*** Opening of RECORD SET ***

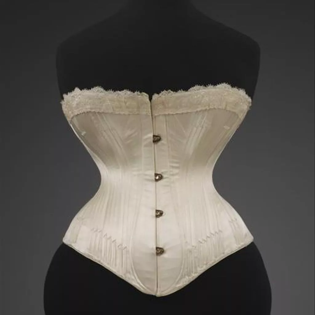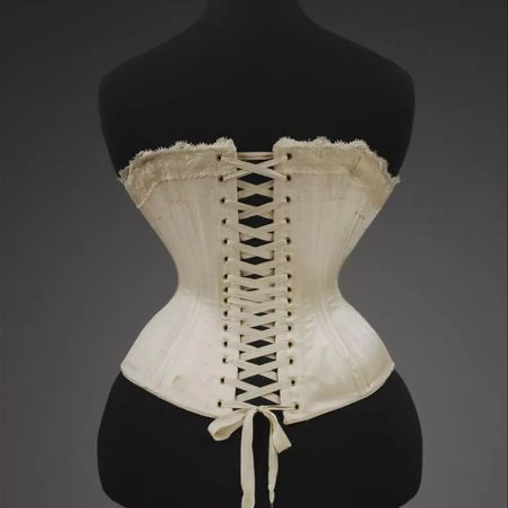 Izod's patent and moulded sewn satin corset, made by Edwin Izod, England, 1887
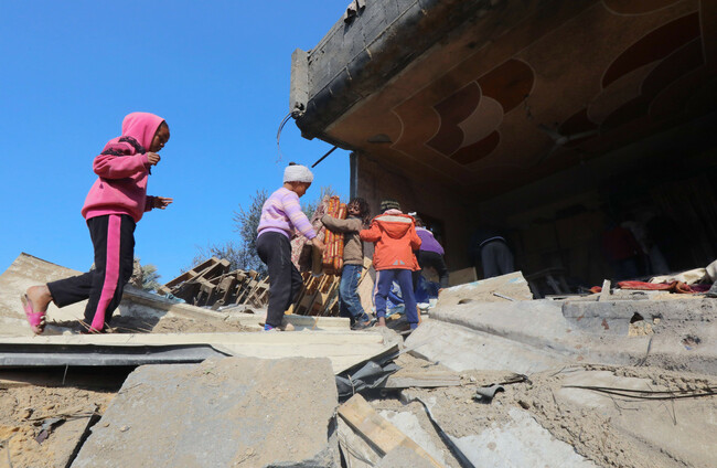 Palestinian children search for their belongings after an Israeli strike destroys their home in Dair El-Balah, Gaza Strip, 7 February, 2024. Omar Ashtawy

*** Close of RECORD SET ***
*** Opening of RECORD SET ***

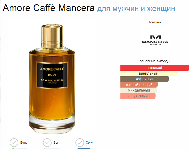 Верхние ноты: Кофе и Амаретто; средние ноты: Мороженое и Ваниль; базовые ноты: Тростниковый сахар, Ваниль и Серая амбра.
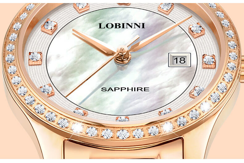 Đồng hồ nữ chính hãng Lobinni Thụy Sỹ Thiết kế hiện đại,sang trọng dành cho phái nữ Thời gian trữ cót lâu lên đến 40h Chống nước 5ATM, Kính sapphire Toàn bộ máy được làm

*** Close of RECORD SET ***
*** Opening of RECORD SET ***

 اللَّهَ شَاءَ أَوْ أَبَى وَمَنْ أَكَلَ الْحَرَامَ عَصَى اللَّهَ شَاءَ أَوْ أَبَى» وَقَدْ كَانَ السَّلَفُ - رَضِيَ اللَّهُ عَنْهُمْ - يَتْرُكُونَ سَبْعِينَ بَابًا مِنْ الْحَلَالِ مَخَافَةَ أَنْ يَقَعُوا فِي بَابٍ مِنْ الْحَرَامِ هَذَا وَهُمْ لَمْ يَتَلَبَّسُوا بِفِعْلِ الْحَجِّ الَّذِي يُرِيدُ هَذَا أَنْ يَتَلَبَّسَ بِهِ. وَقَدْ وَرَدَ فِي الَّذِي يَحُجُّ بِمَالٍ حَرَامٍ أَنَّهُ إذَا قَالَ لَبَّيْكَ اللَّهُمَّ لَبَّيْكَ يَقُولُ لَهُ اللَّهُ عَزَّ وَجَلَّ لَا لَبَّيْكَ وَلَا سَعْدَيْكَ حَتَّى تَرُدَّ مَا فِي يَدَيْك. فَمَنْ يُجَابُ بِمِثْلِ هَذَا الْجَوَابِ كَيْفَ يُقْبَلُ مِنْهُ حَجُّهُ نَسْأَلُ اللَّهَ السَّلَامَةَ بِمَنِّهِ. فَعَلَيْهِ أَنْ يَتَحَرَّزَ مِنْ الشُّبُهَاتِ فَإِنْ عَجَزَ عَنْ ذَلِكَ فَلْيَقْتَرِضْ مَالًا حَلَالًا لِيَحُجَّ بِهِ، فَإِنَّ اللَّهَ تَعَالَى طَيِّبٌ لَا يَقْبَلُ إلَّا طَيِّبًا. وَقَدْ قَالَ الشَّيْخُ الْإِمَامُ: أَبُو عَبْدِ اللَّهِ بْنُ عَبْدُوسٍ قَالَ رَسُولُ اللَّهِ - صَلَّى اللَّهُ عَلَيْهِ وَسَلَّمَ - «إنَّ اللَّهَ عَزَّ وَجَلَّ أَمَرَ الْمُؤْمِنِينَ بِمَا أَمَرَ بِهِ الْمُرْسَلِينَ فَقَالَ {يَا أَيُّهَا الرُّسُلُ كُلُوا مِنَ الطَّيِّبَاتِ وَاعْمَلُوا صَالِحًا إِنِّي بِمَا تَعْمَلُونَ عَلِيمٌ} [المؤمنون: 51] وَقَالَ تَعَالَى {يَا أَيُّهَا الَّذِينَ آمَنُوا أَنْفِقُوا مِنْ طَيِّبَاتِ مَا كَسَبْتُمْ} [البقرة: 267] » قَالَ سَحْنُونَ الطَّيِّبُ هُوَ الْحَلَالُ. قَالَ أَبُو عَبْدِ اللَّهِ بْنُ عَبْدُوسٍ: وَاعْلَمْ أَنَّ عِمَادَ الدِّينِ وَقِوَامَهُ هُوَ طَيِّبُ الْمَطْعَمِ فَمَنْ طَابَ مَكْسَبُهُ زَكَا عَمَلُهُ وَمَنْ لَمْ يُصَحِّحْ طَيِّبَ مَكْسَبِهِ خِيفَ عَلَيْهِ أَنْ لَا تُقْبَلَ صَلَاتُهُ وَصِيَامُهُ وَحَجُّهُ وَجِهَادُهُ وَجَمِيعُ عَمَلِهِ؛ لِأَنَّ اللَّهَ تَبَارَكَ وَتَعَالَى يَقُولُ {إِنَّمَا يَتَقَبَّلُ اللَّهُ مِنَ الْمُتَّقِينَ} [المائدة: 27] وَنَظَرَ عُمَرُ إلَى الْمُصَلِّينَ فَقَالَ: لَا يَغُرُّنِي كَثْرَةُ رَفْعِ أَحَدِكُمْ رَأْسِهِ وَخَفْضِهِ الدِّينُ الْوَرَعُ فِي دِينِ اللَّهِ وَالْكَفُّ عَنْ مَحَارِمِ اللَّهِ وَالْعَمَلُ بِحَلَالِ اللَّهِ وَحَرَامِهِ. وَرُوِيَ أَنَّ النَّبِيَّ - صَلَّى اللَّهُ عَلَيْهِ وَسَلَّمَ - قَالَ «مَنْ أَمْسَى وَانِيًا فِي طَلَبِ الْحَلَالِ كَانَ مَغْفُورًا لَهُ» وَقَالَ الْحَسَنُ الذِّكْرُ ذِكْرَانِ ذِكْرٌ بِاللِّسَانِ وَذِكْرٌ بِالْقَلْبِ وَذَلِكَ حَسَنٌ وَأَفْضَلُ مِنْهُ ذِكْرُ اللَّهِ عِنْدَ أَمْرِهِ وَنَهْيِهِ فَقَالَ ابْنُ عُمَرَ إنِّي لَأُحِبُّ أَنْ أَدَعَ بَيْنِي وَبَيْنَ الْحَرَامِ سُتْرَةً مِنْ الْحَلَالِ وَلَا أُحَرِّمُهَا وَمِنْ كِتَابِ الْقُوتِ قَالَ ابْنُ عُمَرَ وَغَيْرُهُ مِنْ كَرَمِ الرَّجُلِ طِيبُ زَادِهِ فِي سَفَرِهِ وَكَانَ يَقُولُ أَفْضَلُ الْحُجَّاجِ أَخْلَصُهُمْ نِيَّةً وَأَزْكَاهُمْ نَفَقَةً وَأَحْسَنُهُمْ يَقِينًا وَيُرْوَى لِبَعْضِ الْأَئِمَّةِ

*** Close of RECORD SET ***

- _TASK PROMPT_: Could you transcribe exactly the entries above, but only the lines from the one with "Izod's patent and" through the one with "Palestinian children search", and without pictures?

- _SOLUTION TO THE EXERCISE_:
 Izod's patent and moulded sewn satin corset, made by Edwin Izod, England, 1887
 Palestinian children search for their belongings after an Israeli strike destroys their home in Dair El-Balah, Gaza Strip, 7 February, 2024. Omar Ashtawy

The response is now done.